Находясь в Лондоне, он предпринял там определенные шаги с целью придти к какому-то соглашению с Россией. Он должен был это сделать, при посредничестве Англии, так как установление контактов с помощью Франции не могло дать результата. Пока он не получил никакого ответа на свою памятную записку. Очень хотел бы иметь возможность в первую очередь заполучить оттуда наших людей для борьбы с Германией. Но поймут ли его – неизвестно.
– Да, впрочем, – махнул он рукой с явной апатией, – что здесь говорить о чужих, если наши этого не понимают! Они дрались бы со всем миром, а в жизни, если хочешь идти вперед, так поступать нельзя.
Хотел бы создать воинские формирования на Востоке или на Юге, чтобы иметь возможность двигаться в Польшу по нескольким направлениям – ибо неизвестно, какая дорога окажется ближайшей и лучшей. Французы будут концентрировать часть своих вооруженных сил на Среднем Востоке для защиты своих колоний и возможного использования их для удара по Германии со стороны юга или Востока. Это могло бы произойти на второй фазе войны.
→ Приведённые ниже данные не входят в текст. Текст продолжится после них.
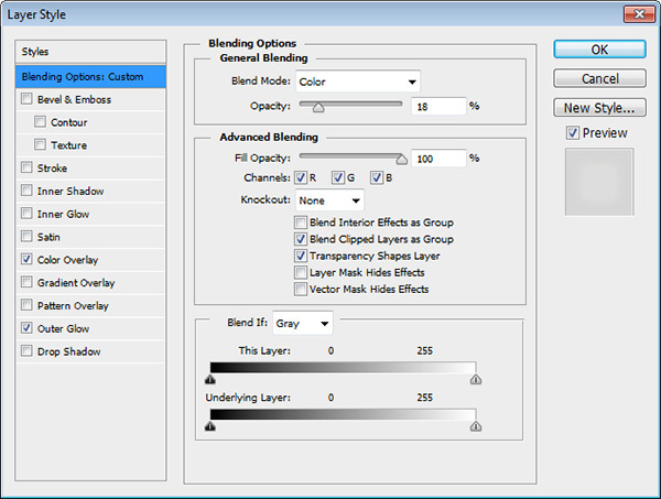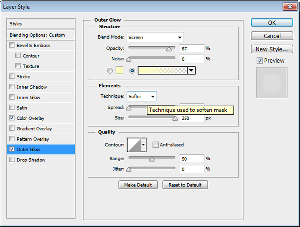 It looks nice enough as it is but I think that a bit of glow will make it look better. Duplicate the rainbow layer by pressing Ctrl + J. Double-click the layer to enter Advanced Blending options. Use the following settings:

С этой точки зрения было бы желательно, чтобы там находилось и определенное количество наших сил. В пользу такой точки зрения то обстоятельство, что можно будет сохранить наши части от преждевременного обескровливания.
Польские части, находящиеся на территории Франции, не следует дробить. Как в интересах правительства, так и в интересах мирового общественного мнения необходимо, чтобы где-то находились значительные польские силы. Они должны добиться больших успехов, чтобы смыть сентябрьское пятно. Однако уже теперь хотелось бы создавать на Среднем Востоке новые польские части. Он еще не знает, кого туда послать, может быть Пашкевича, но это должно быть очень хорошо продумано. Пашкевич, пожалуй, более нужен ему здесь, так как он наблюдает за тем, чтобы санация не особенно распускалась. Во Франции он хотел бы иметь около ста тысяч солдат. Этой армией будет командовать сам. Однако дело двигается с трудом: не хватает людей. Впрочем, людей недостает всюду. Недавно создал Раду Народову, чтобы не говорили, что все делает сам, что стремится к диктатуре, в чем его уже подозревают. Председательство в Раде Народовой принял Падеревский[10]10
Падеревский Игнаци (1860 -1941) – известный польский пианист и комментатор, политик близко связанный с санацией. В 1919 году был премьер-министром и министром иностранных дел Польши.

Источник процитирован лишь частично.